- TASK DIRECTIONS
Quote exactly, and only, the lines from the one containing "图2. mPO-6对高表达C" through the end of the material below. Skip pictures.

- TASK INPUTS
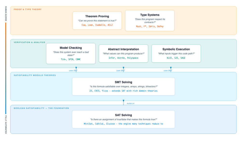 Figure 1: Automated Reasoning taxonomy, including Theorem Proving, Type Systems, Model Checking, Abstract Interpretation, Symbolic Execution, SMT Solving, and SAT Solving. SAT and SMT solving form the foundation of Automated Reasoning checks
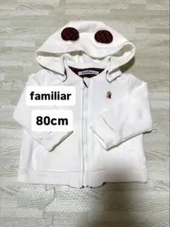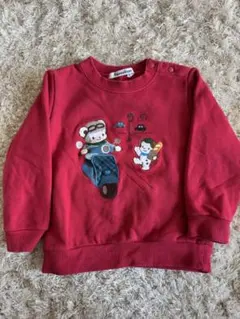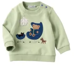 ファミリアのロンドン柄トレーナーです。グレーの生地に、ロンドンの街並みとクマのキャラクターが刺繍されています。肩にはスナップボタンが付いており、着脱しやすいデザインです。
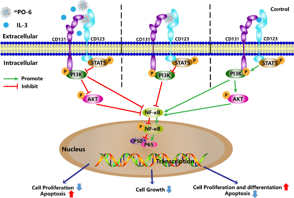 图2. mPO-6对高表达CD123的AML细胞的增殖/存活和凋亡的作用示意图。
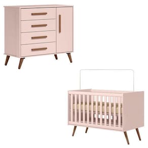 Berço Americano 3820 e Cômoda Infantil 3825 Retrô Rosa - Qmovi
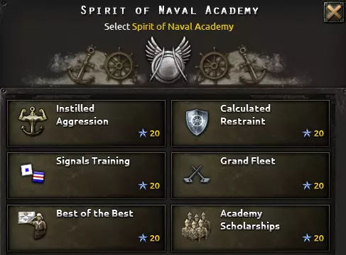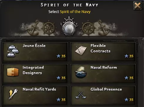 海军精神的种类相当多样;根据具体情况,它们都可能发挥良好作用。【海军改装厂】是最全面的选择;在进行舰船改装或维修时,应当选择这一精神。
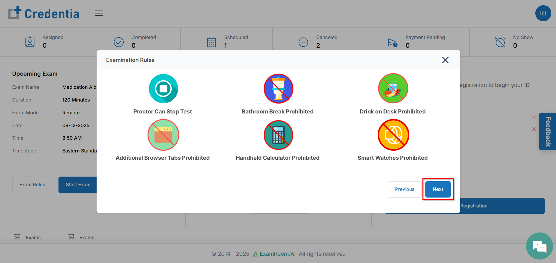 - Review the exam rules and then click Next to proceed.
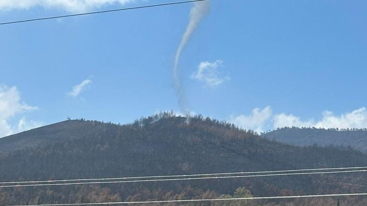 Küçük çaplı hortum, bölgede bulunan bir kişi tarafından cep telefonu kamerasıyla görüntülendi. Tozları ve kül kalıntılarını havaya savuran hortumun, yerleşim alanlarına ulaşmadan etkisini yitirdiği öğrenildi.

- WORKED SOLUTION
 图2. mPO-6对高表达CD123的AML细胞的增殖/存活和凋亡的作用示意图。
 Berço Americano 3820 e Cômoda Infantil 3825 Retrô Rosa - Qmovi
 海军精神的种类相当多样;根据具体情况,它们都可能发挥良好作用。【海军改装厂】是最全面的选择;在进行舰船改装或维修时,应当选择这一精神。
 - Review the exam rules and then click Next to proceed.
 Küçük çaplı hortum, bölgede bulunan bir kişi tarafından cep telefonu kamerasıyla görüntülendi. Tozları ve kül kalıntılarını havaya savuran hortumun, yerleşim alanlarına ulaşmadan etkisini yitirdiği öğrenildi.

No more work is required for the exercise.